– Ну, что же вы желаете нам поведать, пан Калецкий? – Господин начальник, я вам все расскажу о делах Дергаусова, если пан Курантовский забудет о моих варшавских шалостях.

– Шалостях, – засмеялся Курантовский, – а ломбард, а ювелирная лавка на Крахмальной… – Я сдам подельников.

– Не торгуйся, Казимир, – Бахтин закурил, – есть несколько путей отвести тебя от петли. Возможно, ты нам пригодишься, но пока напиши все, что знаешь оДергаусове. – Я был слепым орудием, господин начальник.

– Не лепи горбатого, Казимир, ты же не фраер, а авторитетный налетчик. Смешно, ей-богу. Степан Николаевич! В комнату вошел ротмистр Гейде.
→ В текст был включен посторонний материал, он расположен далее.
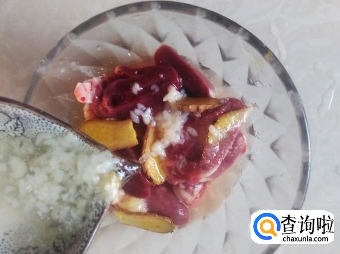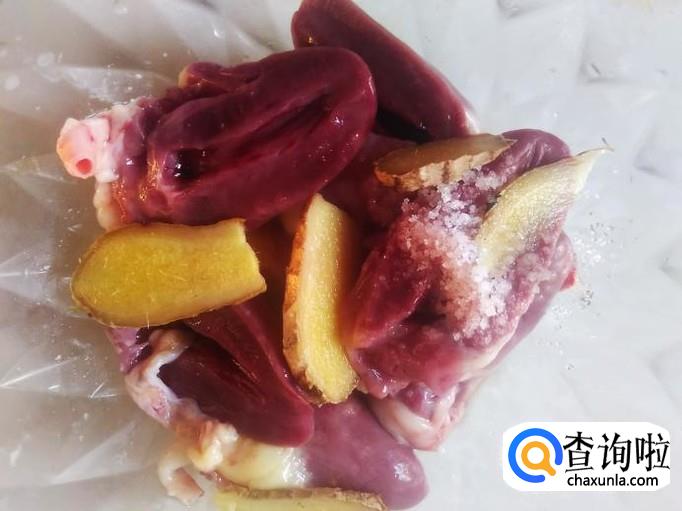 把鸭心清洗干净,然后把每个鸭心切成两边,加适量的盐、姜片、糯米酿腌制几分钟。
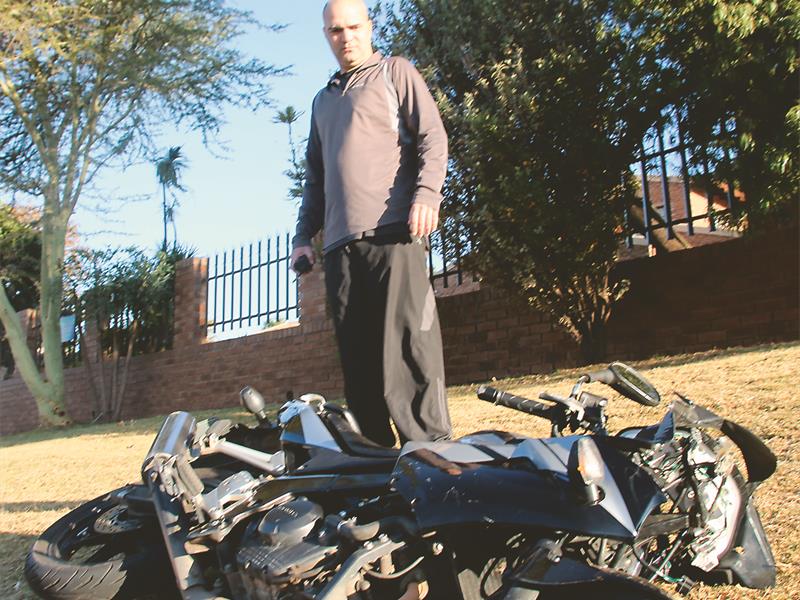 The black motorcycle, registration HZD 151 NW, was seriously damaged.
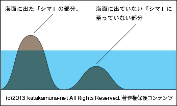 海に浮かぶ島(シマ)の断面を連想してみてください。 海面というスレッショルドレベル(しきい値)の界面を超えるとそれは視界に示されて(観測されて)、「シマ」となります。
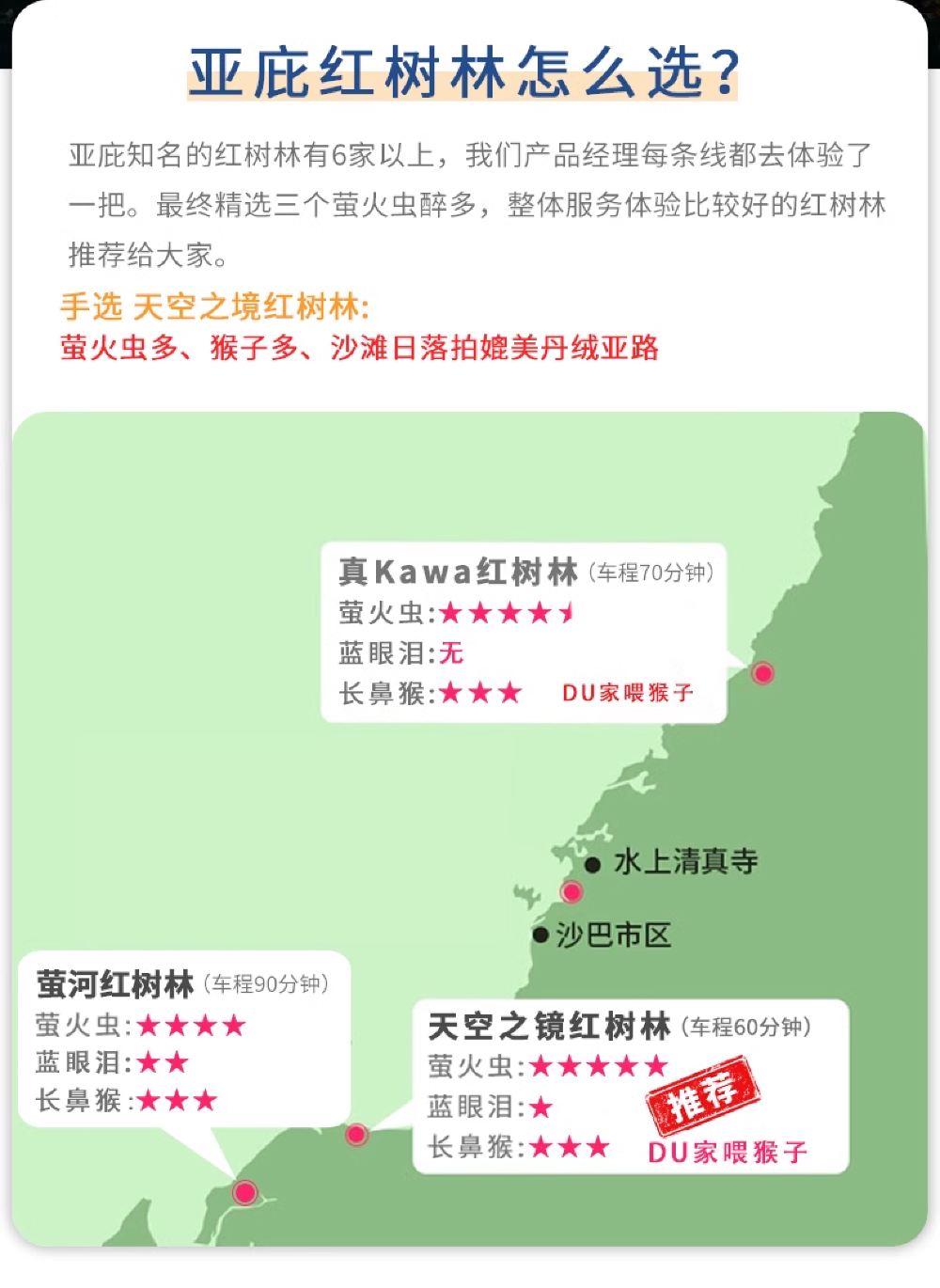 沙巴亚庇天镜红树林萤火虫长鼻猴一日游(市区接送 中文小团)【丰富内容:包含下午茶、游览红树林寻找长鼻猴、欣赏夕阳和追寻萤火虫、超多小猕猴】
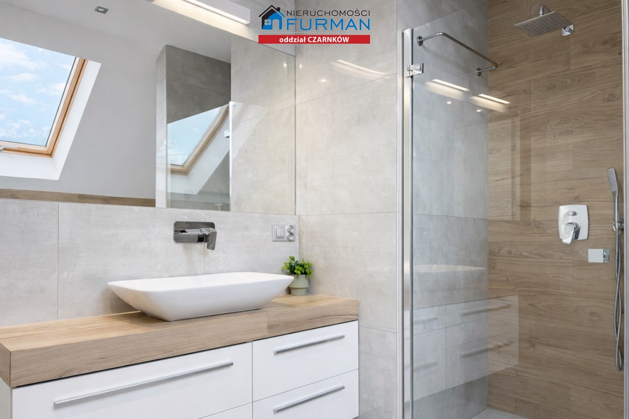 Na parterze znajduje się także jedna sypialnia , idealna jako pokój gościnny, gabinet lub sypialnia dla domownika, a także łazienka z prysznicem ,
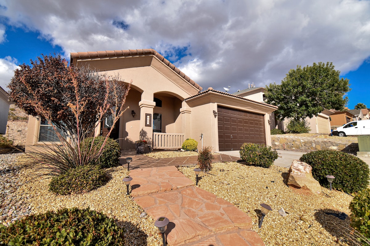Entspannen Sie sich und schalten Sie ab in diesem ruhigen und stilvollen Haus im Herzen der Westseite in El Paso Tx. Diese charmante Unterkunft befindet sich in der Nähe von Restaurants, Einkaufszentren (Outlet Mall, Sunland Park Mall), Krankenhäusern, der I-10, der Mesa Street, UTEP, dem Chihuahua Baseball Stadium, dem Walmart Supercenter und den Fitnessstudios. Es gibt einen privaten Eingang, überdachte Parkplätze, Gärten und einen schönen Pool. Wir bieten dir authentischen Komfort für Familien-, Geschäfts- oder Freizeitbesuche. Wir freuen uns auf dich.

– Александр Петрович, обойма действительно в кармане шинели Дерагусова. В гардеробе двое.сыщиков.

– Степан Николаевич, берите его и допросите по всей форме. Только о подполковнике Княжине ни слова пока, – понизил голос Бахтин. – А мы в «Мавританию».

Во втором часу ночи Дергаусов почувствовал, что захмелел. Нет. Он пьяным не был. К нему пришло счастливое ощущение публичного одиночества, когда все происходящее в кабинете ресторана отдалилось от него, стало неважным и неинтересным. В углу играл на рояле элегантный худощавый человек в ярком платке вместо галстука. Голос его грустно-надтреснутый, чуть грассирующий, заставлял Дергаусова полностью абстрагироваться от реальности. Про себя он повторял щемящие слова романса: «…кокаином распятая в мокрых бульварах Москвы…» Господи, до чего же хорошо!
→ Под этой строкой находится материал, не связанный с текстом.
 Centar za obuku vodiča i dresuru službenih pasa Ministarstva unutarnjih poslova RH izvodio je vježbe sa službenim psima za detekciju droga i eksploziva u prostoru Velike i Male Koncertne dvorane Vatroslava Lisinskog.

И певец этот Саша, которого затащил к ним Сережка Лидин, пел изумительные песенки, так созвучные настроению Дергаусова.

Ему было грустно уезжать из привычного московского мира. От веселых женщин, сытных кабаков, от всей этой бесшабашной компании.

Вошел официант, поклонился.

– Вас, ваше высокоблагородие, господин Пашковский к аппарату просят.

– К аппарату. Куда? – Дергаусов начал застегивать френч. – Здесь, рядом-с. – Пошли.

Он встал и зашагал к дверям. Никто из веселой компании не обратил на него внимания.

Официант услужливо скользил впереди, показывая дорогу. – Здесь. Дергаусов открыл дверь.

Официант толкнул его в спину, и он буквально влетел в кабинет. – Как…

Он не успел договорить, двое ловких молодых людей схватили его за руки. Щелкнули наручники.

И только тогда Дергаусов увидел, что в комнате у стены стояли еще трое.

К нему вплотную подошел высокий, модно одетый человек.

– Я помощник начальника Московской сыскной полиции коллежский советник Бахтин, арестовываю вас как подозреваемого в поджоге пресненского склада и убийстве городового Полуянова.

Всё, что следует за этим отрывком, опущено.